[Dataset records]
Start of Block

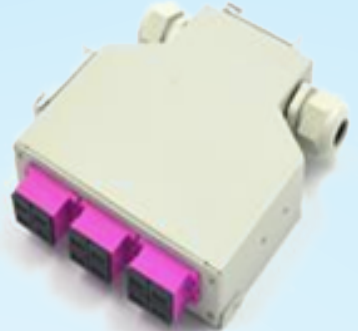
6 SC Duplex DIN Patch Panel
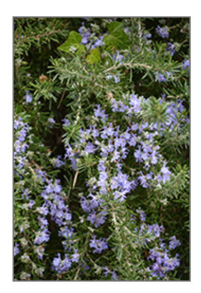
Trailing Rosemary flowers

7036 Nieman Shawnee, KS 66203 913.631.6121
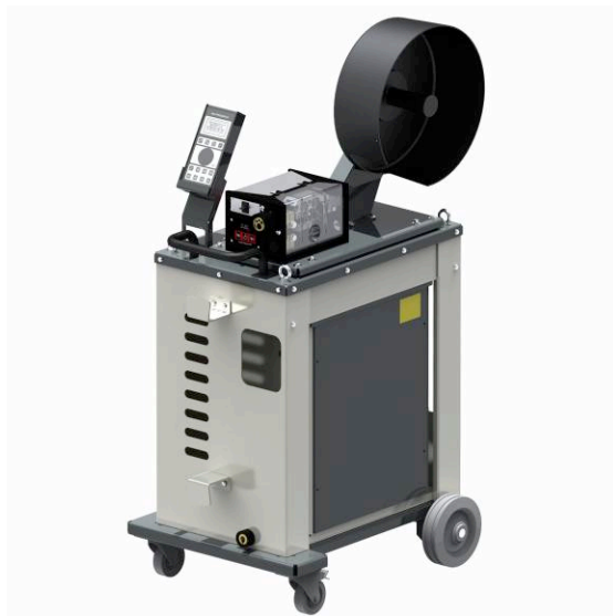
Semiautomatic Weld Package SAM: Trolley with power source, wire feeder, wire spool holder and Q1 hand weld controller

Further information can be found on www.sks-welding.com .
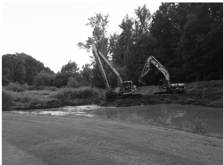
Dredging creek on hole 12
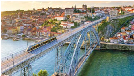
Top: Douro Valley | Above: Porto
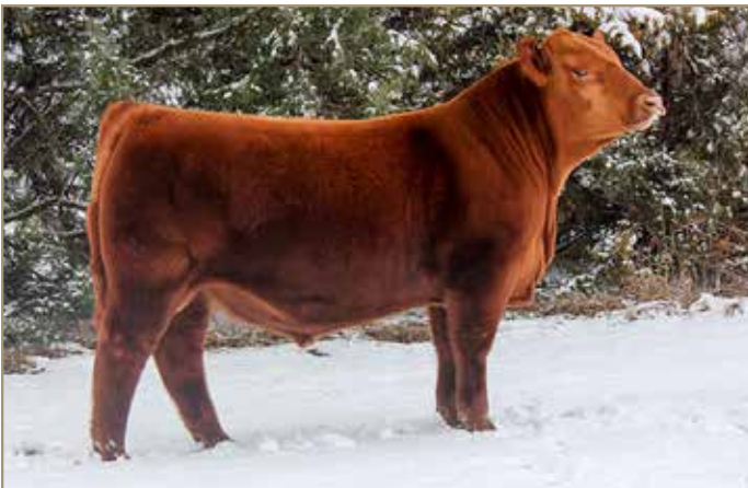
AHL Flashback 446B Sire of LOT 152A
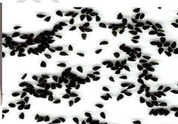
Nigella sativa seeds

Nigella sativa has a bactericidal effect on the growth of ( Mmm ). All the Swab samples revealed no growth of mycoplasma.
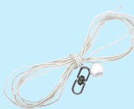
Rope (kevlar) with swivel and a distance ball
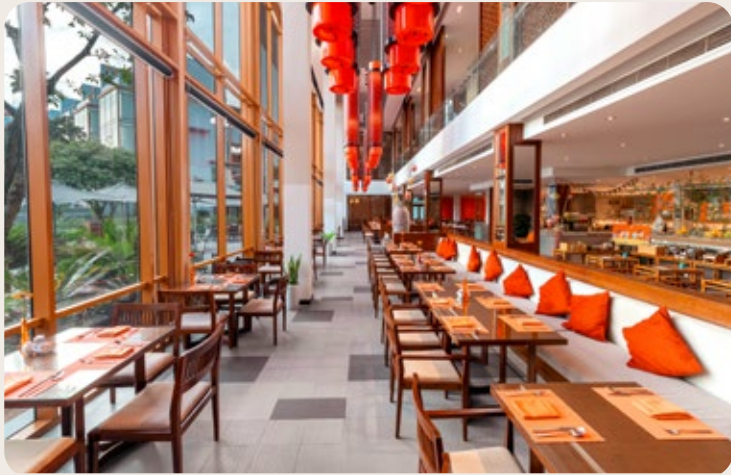
Market Place - Breakfast
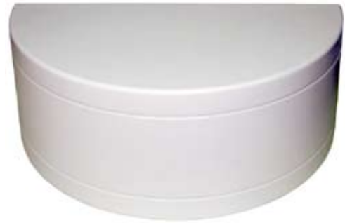
Round Architectural Down Wall Light
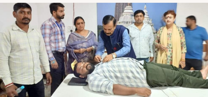
Blood donation camp organised By Chandra Shekhar Azad Charitable Trust Panchkula, Haryana in collaboration with the Haryana State Branch.

End of Block

* _REQUIRED WORK_: Without including any picture, retype the entries exactly.

* _ANSWER TO THIS TASK_:
6 SC Duplex DIN Patch Panel
Trailing Rosemary flowers

7036 Nieman Shawnee, KS 66203 913.631.6121
Semiautomatic Weld Package SAM: Trolley with power source, wire feeder, wire spool holder and Q1 hand weld controller

Further information can be found on www.sks-welding.com .
Dredging creek on hole 12
Top: Douro Valley | Above: Porto
AHL Flashback 446B Sire of LOT 152A
Nigella sativa seeds

Nigella sativa has a bactericidal effect on the growth of ( Mmm ). All the Swab samples revealed no growth of mycoplasma.
Rope (kevlar) with swivel and a distance ball
Market Place - Breakfast
Round Architectural Down Wall Light
Blood donation camp organised By Chandra Shekhar Azad Charitable Trust Panchkula, Haryana in collaboration with the Haryana State Branch.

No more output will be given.